*** Opening of Data to process ***
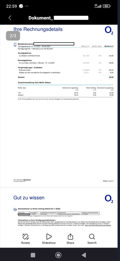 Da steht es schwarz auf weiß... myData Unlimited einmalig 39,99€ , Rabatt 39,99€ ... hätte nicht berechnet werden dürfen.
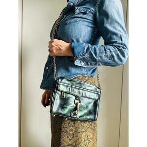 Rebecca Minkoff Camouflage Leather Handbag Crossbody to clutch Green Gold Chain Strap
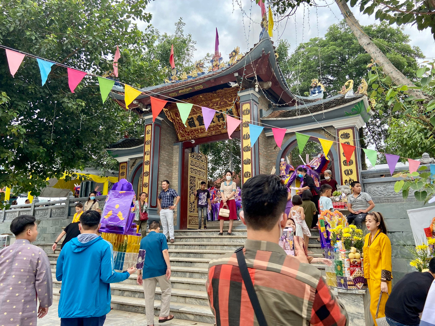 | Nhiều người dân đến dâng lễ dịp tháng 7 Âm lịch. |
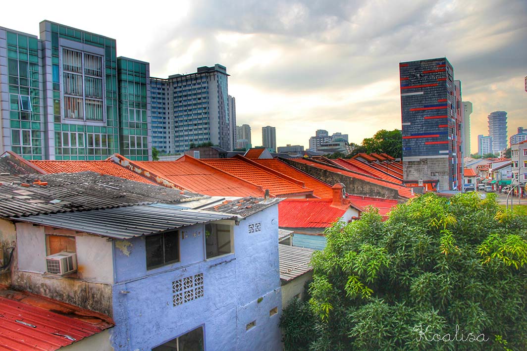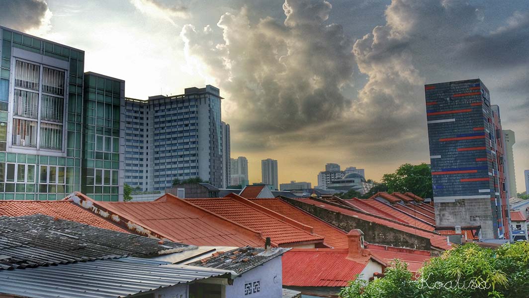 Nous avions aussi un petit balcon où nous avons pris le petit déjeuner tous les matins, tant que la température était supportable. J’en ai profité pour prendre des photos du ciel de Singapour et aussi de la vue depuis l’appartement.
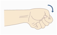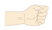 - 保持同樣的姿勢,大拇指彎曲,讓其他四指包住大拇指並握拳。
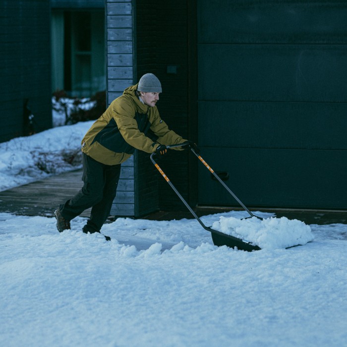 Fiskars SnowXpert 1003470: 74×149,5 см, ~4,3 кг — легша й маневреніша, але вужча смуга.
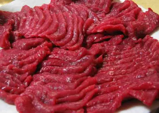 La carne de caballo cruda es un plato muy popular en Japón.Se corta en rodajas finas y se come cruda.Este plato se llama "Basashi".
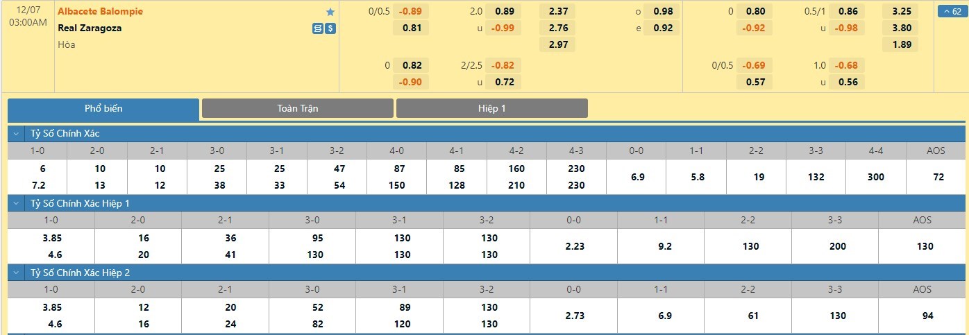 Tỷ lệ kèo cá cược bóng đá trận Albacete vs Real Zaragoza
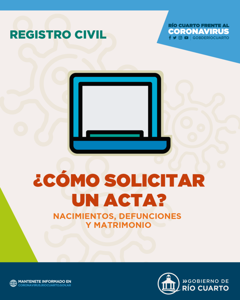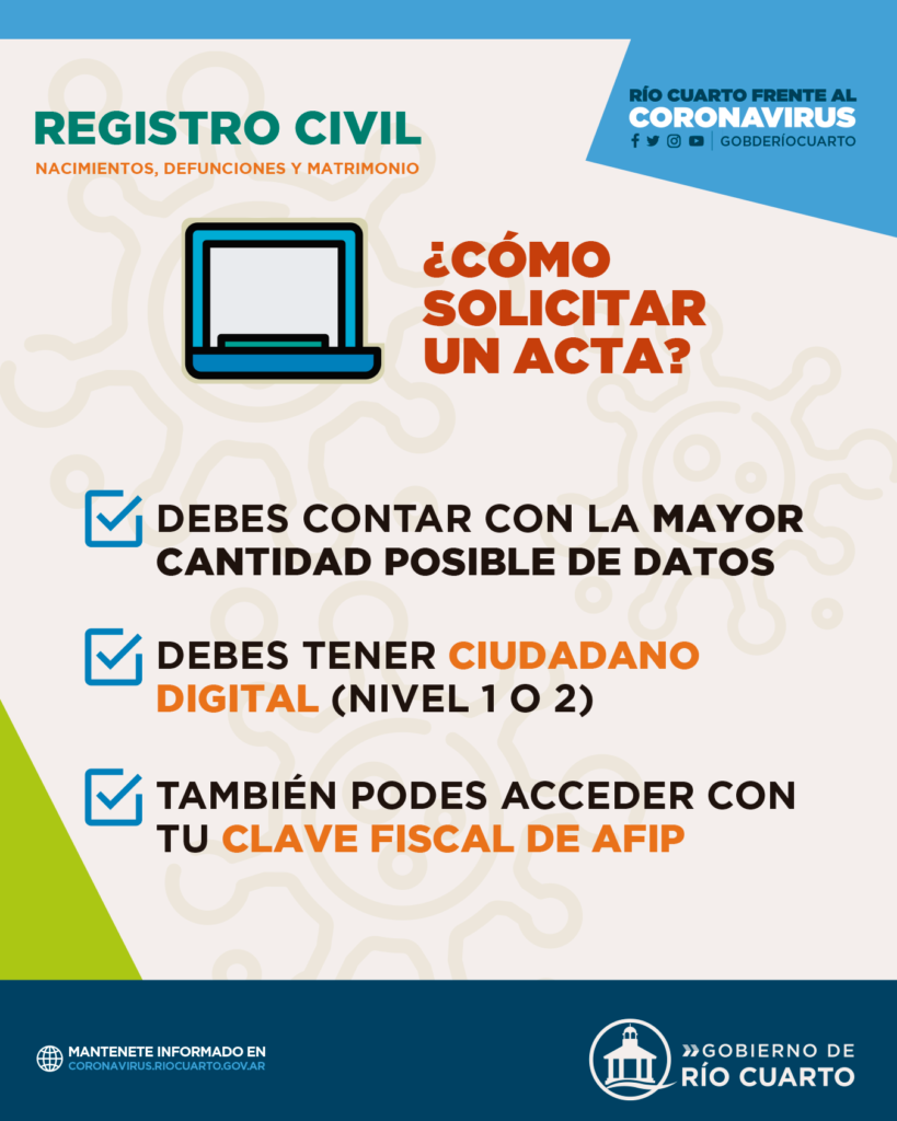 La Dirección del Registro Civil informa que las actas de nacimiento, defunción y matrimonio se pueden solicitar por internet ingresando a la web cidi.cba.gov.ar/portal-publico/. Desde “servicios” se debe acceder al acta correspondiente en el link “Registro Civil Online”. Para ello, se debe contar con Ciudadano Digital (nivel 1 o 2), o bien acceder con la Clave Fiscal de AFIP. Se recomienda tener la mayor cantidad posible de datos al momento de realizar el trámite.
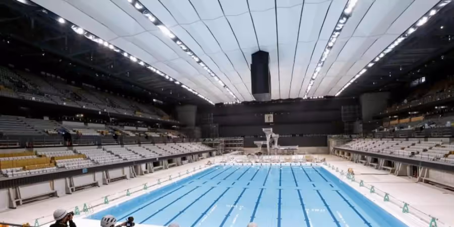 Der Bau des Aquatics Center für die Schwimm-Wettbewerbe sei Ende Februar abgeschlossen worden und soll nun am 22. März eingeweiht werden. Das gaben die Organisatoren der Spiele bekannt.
*** Close of Data to process ***
[Exercise goal]: A verbatim copy of every record is to be produced, and pictures are to be excluded from it.

[Response to the exercise]:
 Da steht es schwarz auf weiß... myData Unlimited einmalig 39,99€ , Rabatt 39,99€ ... hätte nicht berechnet werden dürfen.
 Rebecca Minkoff Camouflage Leather Handbag Crossbody to clutch Green Gold Chain Strap
 | Nhiều người dân đến dâng lễ dịp tháng 7 Âm lịch. |
 Nous avions aussi un petit balcon où nous avons pris le petit déjeuner tous les matins, tant que la température était supportable. J’en ai profité pour prendre des photos du ciel de Singapour et aussi de la vue depuis l’appartement.
 - 保持同樣的姿勢,大拇指彎曲,讓其他四指包住大拇指並握拳。
 Fiskars SnowXpert 1003470: 74×149,5 см, ~4,3 кг — легша й маневреніша, але вужча смуга.
 La carne de caballo cruda es un plato muy popular en Japón.Se corta en rodajas finas y se come cruda.Este plato se llama "Basashi".
 Tỷ lệ kèo cá cược bóng đá trận Albacete vs Real Zaragoza
 La Dirección del Registro Civil informa que las actas de nacimiento, defunción y matrimonio se pueden solicitar por internet ingresando a la web cidi.cba.gov.ar/portal-publico/. Desde “servicios” se debe acceder al acta correspondiente en el link “Registro Civil Online”. Para ello, se debe contar con Ciudadano Digital (nivel 1 o 2), o bien acceder con la Clave Fiscal de AFIP. Se recomienda tener la mayor cantidad posible de datos al momento de realizar el trámite.
 Der Bau des Aquatics Center für die Schwimm-Wettbewerbe sei Ende Februar abgeschlossen worden und soll nun am 22. März eingeweiht werden. Das gaben die Organisatoren der Spiele bekannt.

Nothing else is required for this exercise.